# A Way to Meet Women Who Have the Same Problems as Me



## Stilicho

Hi all,I am wondering if there is some sort of online dating service that specializes in helping people with chronic illnesses, such as IBS, meet up. What I have learned is that healthy people simply cannot understand how it is to live with a chronic illness; they may sympathize, but they cannot truly understand.No healthy woman could possibly want to put up with the kind of life I have to live; the limitations it has placed on me, the restrictions I must follow. I am not judging them. If I were in their position, I wouldn't want to put up with it either.But I would like to still meet someone, and perhaps some day have a family. I am unable to socialize in the traditional sense. The usual modes of meeting a partner are closed to me. Does anyone know of a way to meet up with single woman who have IBS and similar problems?Thank you.


----------



## Kelthink

I'm sure there was one IBS dating website, I forget the name, but the prices were pretty ludicrous considering the pool of choice you had. I'm just wondering if it'd be worth being very blatant in a personals ad or something (whilst highlighting postives about your character, obviously).


----------



## SneakerPimp

I'm just blatant with my replies. And I end up getting a few replies from people who have it too.


----------



## RedSoxGirl

Make a forum on this site for young single people with IBS. Maybe that might work so you can find someone single and your age. I have the same problem and I'm 24 its a hard thing to live with. Never had a problem before but now lots of people just don't understand. Only difference I'm looking for single men!


----------



## MrBumwe

i agree makes things really difficult,,, on top of not wanting to grab a drink or meal at a restaurant etc, for obviuos reasons, being in a constant @#$% mood doesn't help, makes it hard to


----------



## KarlT

As you can see I'm another newbie. I dont like to admit it but, it is having an effect on me meeting people and I'm 23 and single. I Tend to stick to the places I know and feel comfortable going. But if I met someone who would understand it would make things a whole lot easier. So thank you "redsoxgirl"

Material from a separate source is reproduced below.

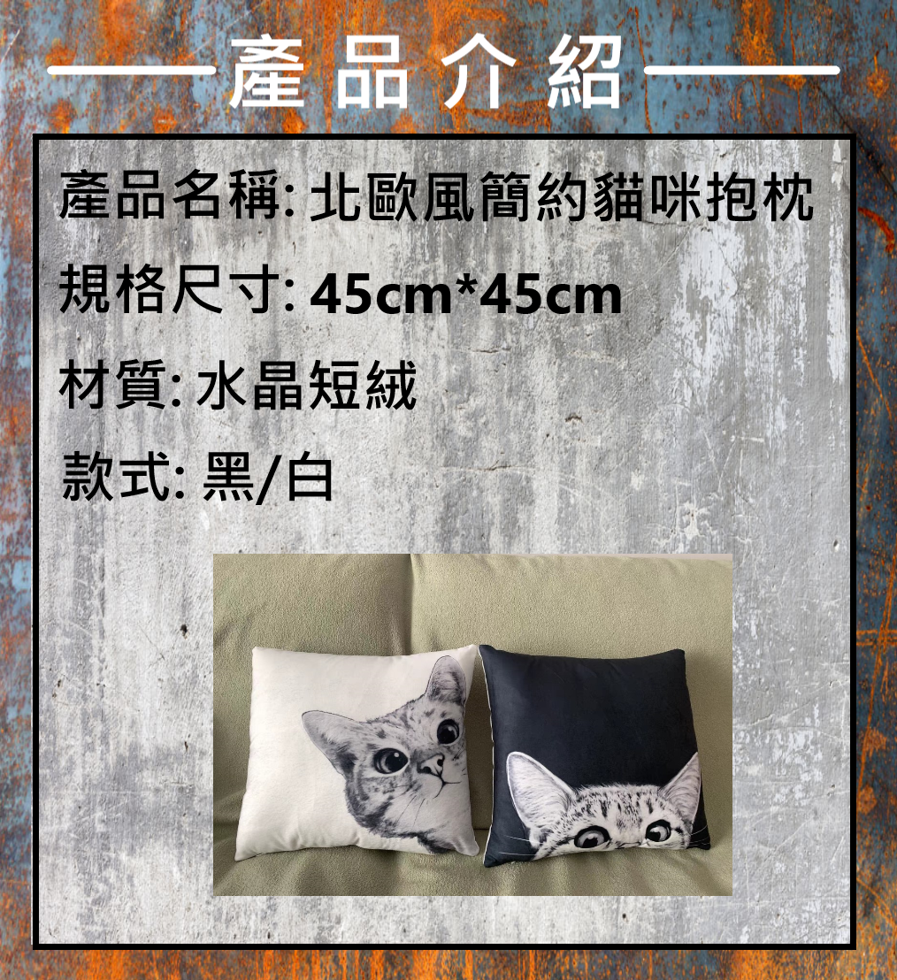 北歐風簡約貓咪抱枕

it's nice to know it's not just guys out there in the same situation.


----------



## claire_louise

I know exactly how you all feel. I recently broke up with my partner of seven years because he just couldn't cope with my illness. I don't blame him, but we'd been together since we were 16 and it's incredibly difficult to lose someone you love due to circumstances beyond your control. I can't see how anyone would able to put up with me unless they had similar problems themselves!


----------



## mumble

Sorry to hear that Claire.I also just had a break up... and I know it's partly because of my IBS and problems associated with it. More than anything it's frustrating.


----------



## ThewallsRclosingIn

RedSoxGirl said:


> Make a forum on this site for young single people with IBS. Maybe that might work so you can find someone single and your age. I have the same problem and I'm 24 its a hard thing to live with. Never had a problem before but now lots of people just don't understand. Only difference I'm looking for single men!


I'm a 24 yr old single guy, I have thought about whether or not I would prefer to meet someone with Ibs also. It would just be nice not to have to explain myself or my situation. Im sure two people with IBS would be a better support system, both would understand each other.


----------



## degrassi

I totally agree. I'm 26 and would love to find a guy that understands. Its hard having to explain something to someone who has no clue about having a chronic illness.


----------



## Waray

A forum for dating shouldn't be limited to young people. I'm older and have the same problem. Who would ever want to date a woman who can't keep her food in for more than minutes after she's eaten it and spends the greater part of her day in the bathroom? Who would want to date a woman who cannot sit through a movie without losing the days meals and not knowing it until the pottie break? We all need companionship regardless of age. It's lonely and few people understand it. I'll see what I can do to get something going for us - no promises but I think I can do it. If this site will support me by allowing me to post it I think I can make it work.


----------



## Waray

Okay, let's say I can get a dating site going for us, would you want it limited to IBS or open to anyone with a serious disease? We suffer from something that is extremely embarrassing. Do we want to open up to others with diseases that don't have that same effect on them? Opinions will be important on this issue so respond if you have an opinion.


----------



## Kelthink

Might be worth starting a group on facebook, see how far you can take it.I'm too lazy to do that sort of thing, of course


----------



## MrBumwe

general illness or health issues maybe more effective in getting people involved, coz yeah like said it would be a concern for most people who like to keep the specifics of there ibs private


----------



## degrassi

Leaving it open to general illness would probably get more people involoved. Some of the issues related to dating are similar whether you suffer from IBS or other chronic diseases.


----------



## astronomer

Here is my opinion.If there is an IBS dating service out there, of course I agree that you should try it out because it is incredibly hard to meet people. You are right in believing that a "healthy" person may not completely understand what you are going through. However, if your partner doesn't understand and can't deal with your condition, they are definitely NOT the one for you!I happen to be very lucky (I don't know what I ever did right to deserve this) but I have a wonderful boyfriend of almost 2 years who completely sympathizes with my condition. He doesn't suffer from the same issues that I have, but if he loves me he must understand what I go through. Two people have to build and live in a relationship together.I have to admit though, it was hard to establish some trust and I had some issues with that for a very long time. My boyfriend absolutely vowed to take care of me and get me to a restroom whenever I needed it, and when I say "whenever," I mean it! Having IBS for so long, I always felt that I could only ever rely on myself. But it is true, to this day he has never failed me. He even goes out of his way to cook me healthy meals and benefits from it as well. So there ya go.


----------



## claire_louise

astronomer said:


> I happen to be very lucky (I don't know what I ever did right to deserve this) but I have a wonderful boyfriend of almost 2 years who completely sympathizes with my condition. He doesn't suffer from the same issues that I have, but if he loves me he must understand what I go through. Two people have to build and live in a relationship together.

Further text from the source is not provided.